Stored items
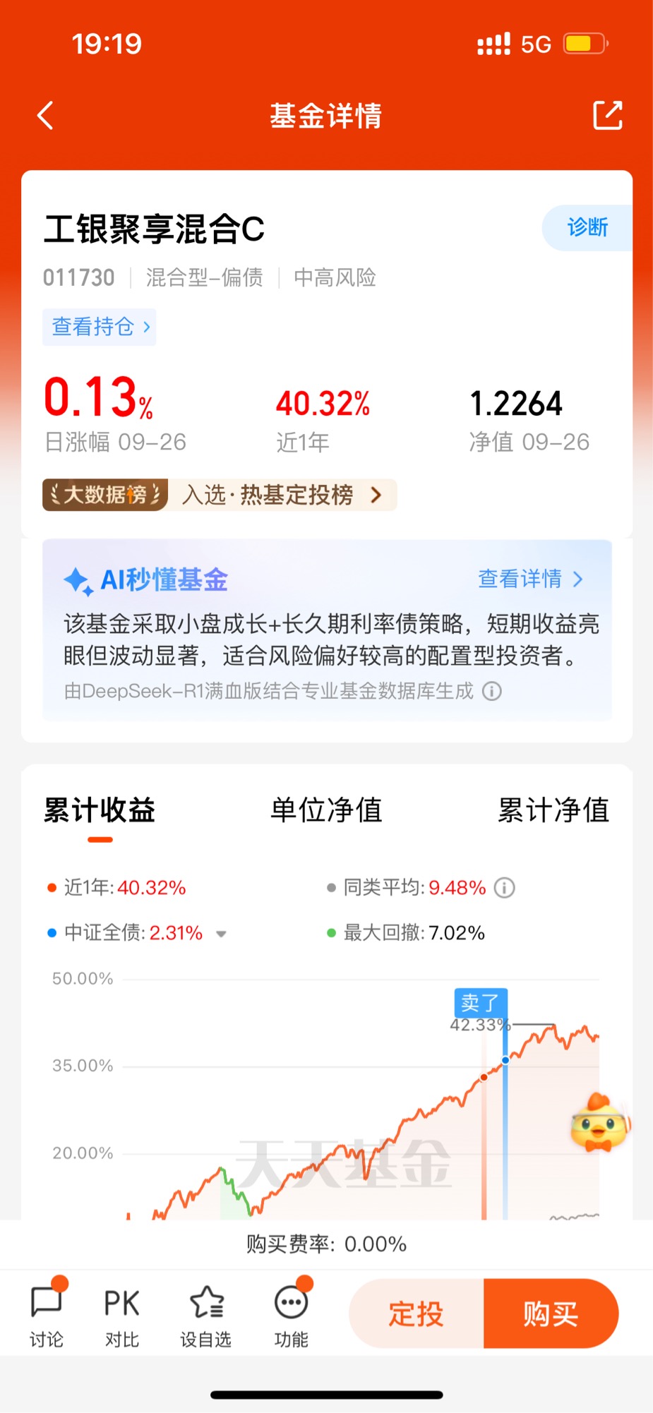 如果你也在愁存款利率太低、纯债收益太薄、股市又不敢all in,工银聚享这类“固收+”确实值得重点看看。它不是那种躺赢的产品,但通过严谨的量化模型、极致的分散持仓、及时的动态调整,硬是在震荡市里画出一条漂亮的向上曲线。当然过去两年它也经历过波动(2022、2023年曾小幅下跌),但拉长看,用33%债券+38%股票做出-7%以内的回撤,还能年化跑出21.49%,这种稳中求进的性价比,在资产荒时代里,可能比黄金还珍贵。
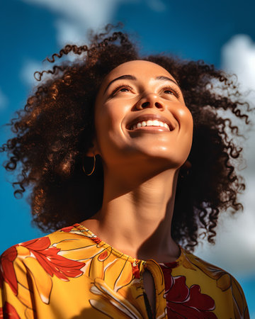 Beautiful african american woman with afro hairstyle smiling
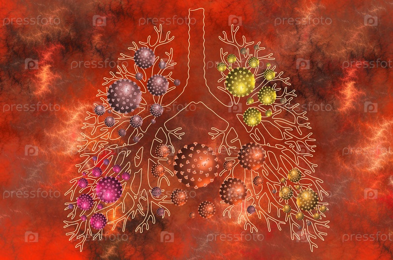 Повреждение органа легких человека различными мутациями вируса covid19. фрактальная 3D-модель коронавируса, абстракция
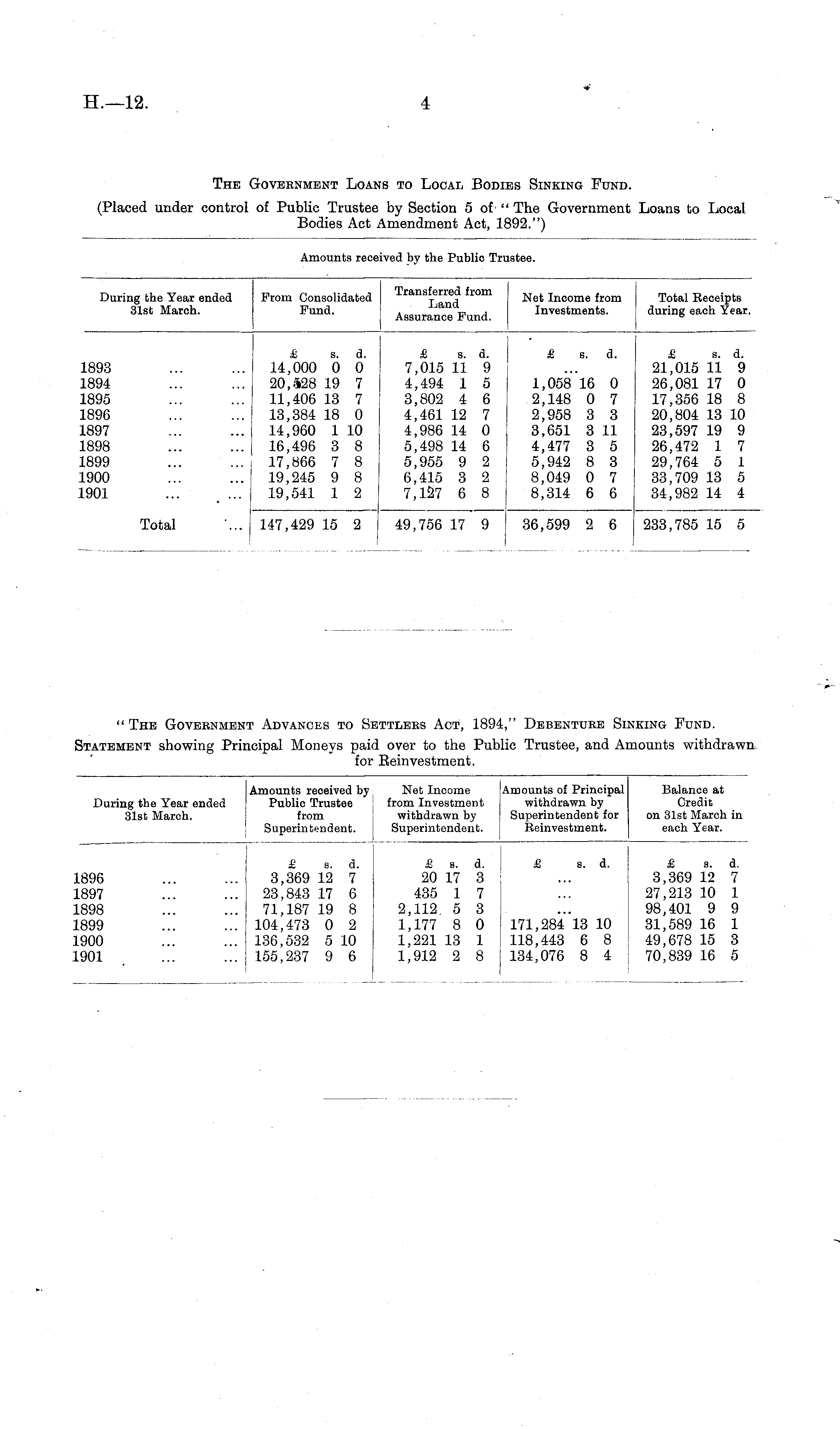 "The Government Advances to Settlers Act, 1894," Debenture Sinking Fund. Statement showing Principal Moneys paid over to the Public Trustee, and Amounts withdrawn for Reinvestment.
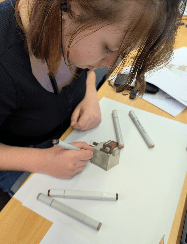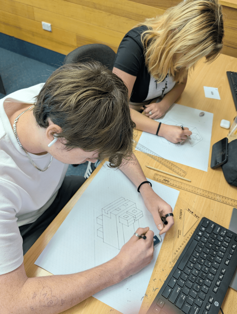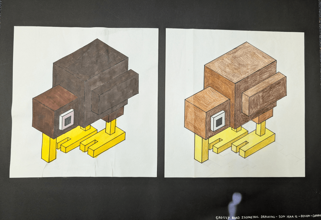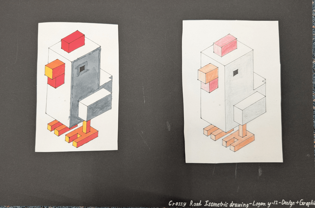 Year 11 and 12 Design and Graphics students have been honing their skills in Design Elements and Principles, experimenting with rendering techniques, and refining their isometric drawing abilities.

TRY IT: Look above for the line with "Beautiful african american" and the line with "Повреждение органа легких", then copy exactly the lines from the first through the second, both kept, with no pictures.

WORKED SOLUTION:
 Beautiful african american woman with afro hairstyle smiling
 Повреждение органа легких человека различными мутациями вируса covid19. фрактальная 3D-модель коронавируса, абстракция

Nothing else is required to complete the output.